_Provided data_
BEGIN
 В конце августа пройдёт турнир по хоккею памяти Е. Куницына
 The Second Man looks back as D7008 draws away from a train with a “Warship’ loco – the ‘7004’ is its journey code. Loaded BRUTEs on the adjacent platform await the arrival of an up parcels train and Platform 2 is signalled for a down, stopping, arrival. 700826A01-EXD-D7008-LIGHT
END
BEGIN
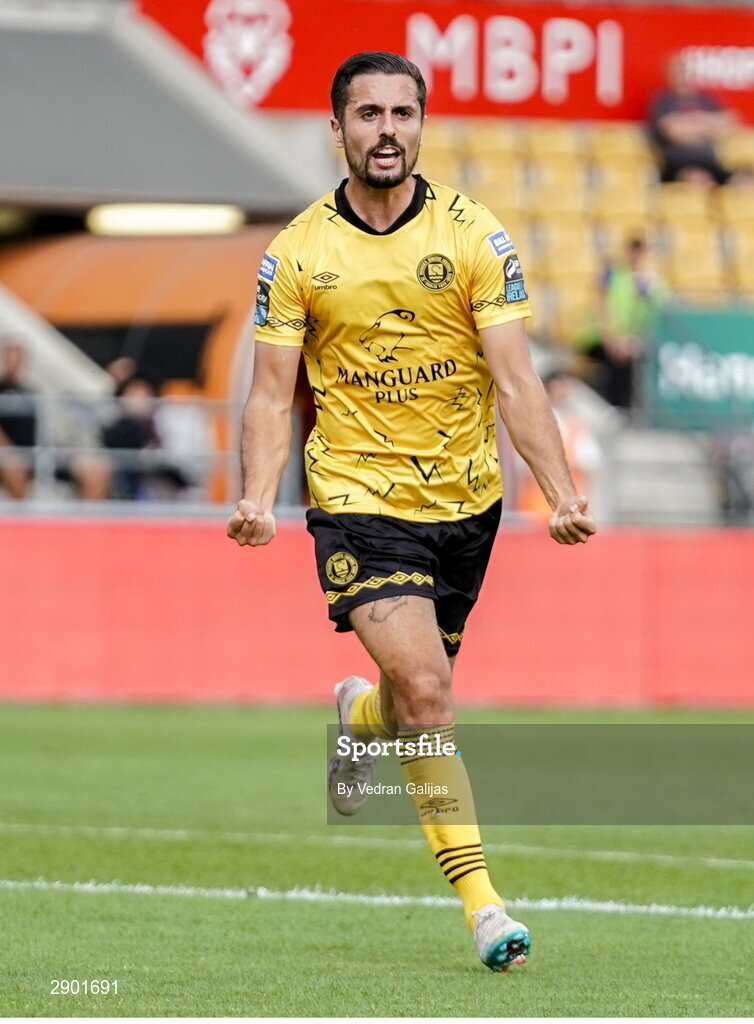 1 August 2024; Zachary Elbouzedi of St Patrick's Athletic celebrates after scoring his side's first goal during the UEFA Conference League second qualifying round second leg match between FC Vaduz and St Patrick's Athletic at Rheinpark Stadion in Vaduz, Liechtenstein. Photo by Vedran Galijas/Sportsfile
END
_Work item_
Restate word for word the lines in the material above from the one with "В конце августа" to the one with "The Second Man"; both of those lines count, and nothing else does.

_Finished task_
 В конце августа пройдёт турнир по хоккею памяти Е. Куницына
 The Second Man looks back as D7008 draws away from a train with a “Warship’ loco – the ‘7004’ is its journey code. Loaded BRUTEs on the adjacent platform await the arrival of an up parcels train and Platform 2 is signalled for a down, stopping, arrival. 700826A01-EXD-D7008-LIGHT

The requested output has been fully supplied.